For miRNA analysis, total RNA was extracted using a miRNeasy Mini Kit (#217004; Qiagen). After treatment with BPA 10−8 and 10−9 M and VitD 10−7 M, cells were lysed in QIAzol Lysis Reagent. miRNAs isolation and RT-qPCR have been performed according to the previously used protocol [30]. After washings with buffers and centrifugations for several minutes, miRNeasy Mini spin columns were used to inhibit RNases and to remove cellular DNA and proteins from the samples. Obtained RNA samples were eluted in 30 μL of RNAse-free water. Then the total RNA was used to generate cDNAs via reverse transcription with TaqMan® MicroRNA Reverse Transcription Kit (#4366596, Applied Biosystem). cDNAs derived from the reverse-transcription reaction were pre-amplified using TaqMan® PreAmp Master Mix (#4488593, Applied Biosystem) and specific pre-formulated TaqMan® MicroRNA Assay 20X (TaqMan® probe and primer set) miR-27a-3p and miR-27b-3p (#4427975, assay ID:00408 and assay ID:00409, respectively).

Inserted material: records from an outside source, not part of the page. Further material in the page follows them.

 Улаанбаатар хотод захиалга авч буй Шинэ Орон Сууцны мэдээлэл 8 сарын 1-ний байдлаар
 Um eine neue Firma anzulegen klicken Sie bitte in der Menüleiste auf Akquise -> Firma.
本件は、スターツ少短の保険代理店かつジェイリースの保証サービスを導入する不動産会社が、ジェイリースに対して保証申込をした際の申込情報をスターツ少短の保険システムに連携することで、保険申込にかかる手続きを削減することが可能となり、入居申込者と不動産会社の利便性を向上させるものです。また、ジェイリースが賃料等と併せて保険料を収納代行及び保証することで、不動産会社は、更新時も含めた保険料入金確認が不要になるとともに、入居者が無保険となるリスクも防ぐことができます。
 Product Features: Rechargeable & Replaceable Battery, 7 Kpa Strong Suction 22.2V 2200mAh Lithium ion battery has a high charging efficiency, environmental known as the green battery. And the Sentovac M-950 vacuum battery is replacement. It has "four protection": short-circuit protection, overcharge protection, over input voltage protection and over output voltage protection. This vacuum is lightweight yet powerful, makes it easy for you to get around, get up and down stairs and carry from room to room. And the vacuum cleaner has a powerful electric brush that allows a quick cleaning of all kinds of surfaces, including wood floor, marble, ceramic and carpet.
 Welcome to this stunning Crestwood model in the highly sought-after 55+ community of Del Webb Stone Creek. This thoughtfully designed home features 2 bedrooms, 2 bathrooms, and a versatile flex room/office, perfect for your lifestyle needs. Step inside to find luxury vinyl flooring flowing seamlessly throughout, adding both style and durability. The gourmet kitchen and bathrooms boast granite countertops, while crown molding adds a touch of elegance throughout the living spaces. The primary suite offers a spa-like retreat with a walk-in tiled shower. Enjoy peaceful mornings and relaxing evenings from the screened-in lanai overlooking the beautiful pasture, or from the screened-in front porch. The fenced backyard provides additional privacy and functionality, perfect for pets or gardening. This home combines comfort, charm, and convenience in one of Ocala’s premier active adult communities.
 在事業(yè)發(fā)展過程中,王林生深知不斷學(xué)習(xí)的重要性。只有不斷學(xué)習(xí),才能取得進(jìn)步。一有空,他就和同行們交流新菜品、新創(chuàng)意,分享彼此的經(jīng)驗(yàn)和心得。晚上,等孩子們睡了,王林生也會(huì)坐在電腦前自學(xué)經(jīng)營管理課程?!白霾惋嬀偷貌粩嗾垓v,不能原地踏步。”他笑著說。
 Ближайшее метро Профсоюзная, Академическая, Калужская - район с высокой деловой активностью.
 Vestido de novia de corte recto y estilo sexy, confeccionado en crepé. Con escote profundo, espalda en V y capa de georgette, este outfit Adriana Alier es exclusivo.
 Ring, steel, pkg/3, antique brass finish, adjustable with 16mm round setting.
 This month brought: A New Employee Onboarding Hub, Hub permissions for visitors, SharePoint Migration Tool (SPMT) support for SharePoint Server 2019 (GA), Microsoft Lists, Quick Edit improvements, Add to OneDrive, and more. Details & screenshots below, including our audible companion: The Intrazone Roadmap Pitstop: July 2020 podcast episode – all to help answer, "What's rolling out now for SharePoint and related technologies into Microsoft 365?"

Once samples were ready, RT-qPCR was performed to detect the mRNA expression levels of miR-27a-3p and miR-27b-3p using 2 µl of cDNA that was added to 10 µl of PCR mix prepared by adding 0.5 µl of TaqMan® MicroRNA assay 20X, 5 µl PCR master mix (TaqMan® Fast Advanced Master mix, #4444964, Applied Biosystem), and 4.5 µl of sterile water. The miR-27a-3p and miR-27b-3p levels were normalized to U6 small nuclear RNA (#4427975, assay ID: 001973). PCR was performed in 3T3-L1 cells in ten independent technical experiments.

Statistical analysis

The GraphPad Prism 9 software was used to perform statistical analysis. The experiments were expressed as the means and standard errors of the mean (S.E.M.). For statistical comparison, analysis of variance (ANOVA) or Student’s t tests with post hoc testing, Tukey’s multiple comparison test and Mann–Whitney test two-tailed for parametric and nonparametric data, were used. A p value < 0.05 with a 95% confidence interval (CI) was considered significant.